Once in a while a 404 not found page comes up and I need
an easy way to find these dead links and delete them.

It would take forever to manually check each one,
I need to automate the process some how.

Any suggestions?

Thank you

pnaj
01-04-2004, 02:48 PM
There's a section in the manual about remote (http://www.phpbuilder.com/manual/features.remote-files.php) which should be part of the solution
(look at the bit Example 19-1. Getting the title of a remote page).

Then you could do something like ...

$old_urls = file($QUERY_STRING.'.txt');
$new_urls = array();
foreach($old_urls as $url){
$file = fopen($url, "r");
if ($file) {
$new_urls[] = $url;
}
fclose($file);
}
$file = fopen($QUERY_STRING.'.txt', "w");
fwrite($file, join("\n", $new_urls));
fclose($file);


I haven't debugged this, but it should be a start,at least.

netsavage
01-04-2004, 03:04 PM
pnaj

Thanks alot for the reply

I dont have a clue what to do with the code you provided, I assume it will weed out the dead links?

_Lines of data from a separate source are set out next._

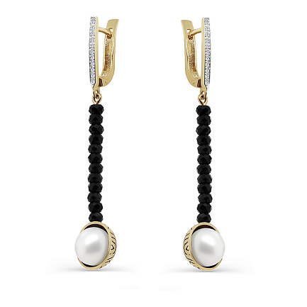 Серьги с английским замком из желтого золота с бриллиантами, ониксами, жемчугами
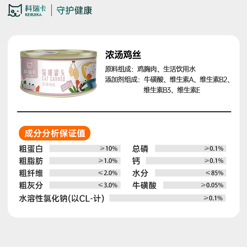 科瑞卡 猫咪主零食罐头白鸡胸肉低磷牛肉汤罐 浓汤鸡丝(80g×12罐)
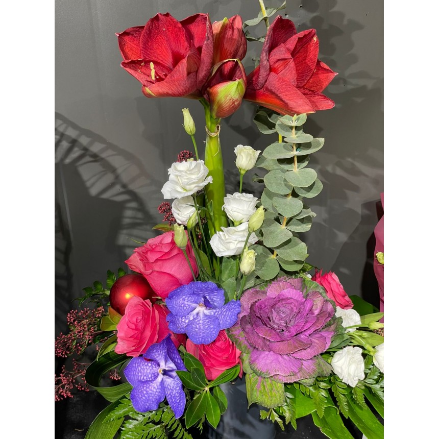 Склад: Еустома, евкаліпт, брасика, Ванда, листя Монстери, троянда Лола, арахніодіс, аспедистра, скімія.
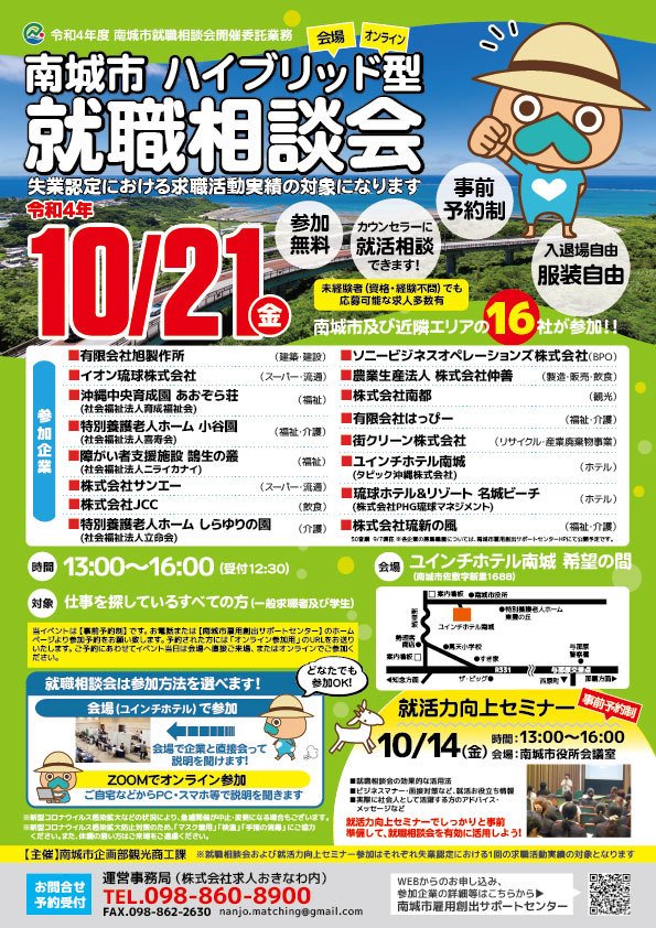 問合せ先/運営事務局(株)求人おきなわTEL:098-860-8900
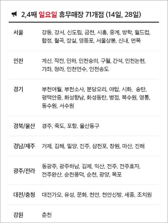 12월 2주 및 4주 일요일인 14일과 28일에 휴무가 예정되어 있는 매장은 71개점이니 참고하시면 좋을 듯합니다.
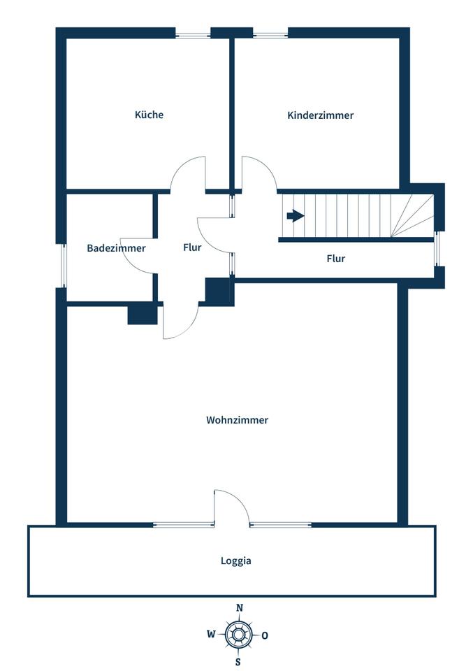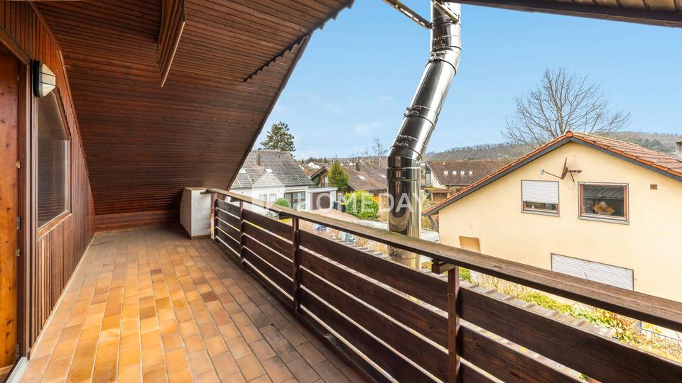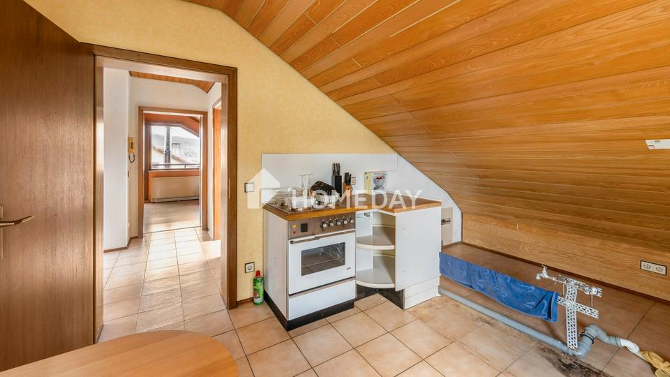 Über die Treppe erreichen Sie das Obergeschoss, das als eigenständige zweite Wohneinheit konzipiert ist. Die Raumaufteilung bietet ein großzügiges Wohnzimmer mit Zugang zur Loggia, ein Schlafzimmer, ein weiteres Zimmer, das sich als Büro oder Kinderzimmer anbietet, eine separate Küche sowie ein Badezimmer und eine zusätzliche Toilette. Die sichtbare Holzdecke und die Dachschrägen verleihen dieser Einheit Charakter und schaffen eine wohnliche Atmosphäre mit besonderem Flair.
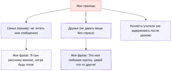 Иногда границы бывают тонкими и не всегда очевидными. Например, тебе может быть неприятно, когда кто-то читает твои сообщения без спроса или заставляет тебя делать то, что тебе не хочется. Или когда друзья постоянно требуют твоего времени, а у тебя просто нет сил или желания. Всё это – моменты, когда важно обозначить границы.

Can you email me with more of an explainantion, I am quite ignorant about much else than simple html or java. I'm willing to learn more though.

By the way pnaj we share the same birthday



:D

pnaj
01-04-2004, 06:08 PM
Yeah ... I sort of assumed that you knew PHP but just didn't know a way to solve this particular problem.

OK ...

1) I'm assuming that your server runs PHP (seems so, 'cause of the code you showed us in the first place) so you could run a script page on your server.

2) Open up any text editor, paste in the following code, and save as check_urls.php (or whatever you want). You put this on the same server that is displaying the links ... at the root say, but anywhere will do.

3) This is not the same as the first lot I sent. The first lot assumed that you knew what was going on but this will just produce a list of 'dead' links for now. Get this going first and then we can fix it to actually remove entries.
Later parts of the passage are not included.